Member of the Arizona Senate from the Coconino County district
- In office January 1933 – December 1934
- Preceded by: George Truman
- Succeeded by: Clyde Stauffer
- In office January 1929 – December 1930
- Preceded by: A. T. Kilcrease
- Succeeded by: George Truman

Member of the Arizona House of Representatives from the Coconino County district
- In office January 1927 – December 1928

Personal details
- Born: March 25, 1883 Mulberry, Indiana
- Died: August 7, 1964 (aged 81)
- Party: Democratic
- Profession: Politician

= Earl C. Slipher =

American astronomer and politician (1883–1964)

Earl Carl Slipher (/ˈslaɪfər/; March 25, 1883 – August 7, 1964) was an American astronomer and politician. He was the brother of astronomer Vesto Slipher. He served in both the Arizona House of Representatives and the Arizona State Senate.

==Biography==
Slipher was born in Mulberry, Indiana. He first joined Lowell Observatory in 1908 and became a noted planetary astronomer, concentrating on Mars. He published Photographic History of Mars (1905–1961). In 1957, he appeared in the "Mars and Beyond" episode of Disneyland discussing the possibility of life on Mars.

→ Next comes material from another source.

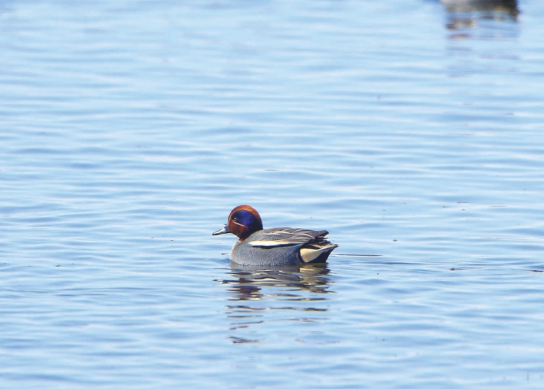 雄鸟繁殖羽头和颈深栗色,自眼周往后有一宽阔具有光泽的绿色带斑,经耳区向下与另一侧的带斑相连于后颈基部;自嘴角至眼有一窄的浅棕白色细纹,在眼前分别向眼后绿色带斑上下缘延伸,在头侧栗色和绿色之间形成一条醒目的分界线。上背、两肩的大部分和两胁均为黑白相间的虫蠧状细斑;下背和腰暗褐色,羽缘较淡。肩羽外侧乳白色或淡黄色,外翈具绒黑色羽缘;翼表面大都为暗灰褐色。大覆羽具浅棕色或白色端斑;次级飞羽外侧数枚外翈绒黑色,内侧数枚外翈为金属翠绿色,在翼上形成显著的绿色翼镜。大覆羽的白色端斑在翼上形成两道明显的白色带,分别位于翼镜的前后缘。

He also served as mayor of Flagstaff, Arizona from 1918 to 1920, and later as a member of the Arizona state legislature until 1933.

The crater Slipher on the Moon is named after Earl and Vesto Slipher, as is asteroid 1766 Slipher, discovered September 7, 1962, by the Indiana Asteroid Program.

He served a two terms in the Arizona State Senate during the 8th and 10th Arizona State Legislatures, holding the seat from Coconino County. He was also a member of the Arizona House of Representatives, from Coconino County, during the 7th Arizona State Legislature.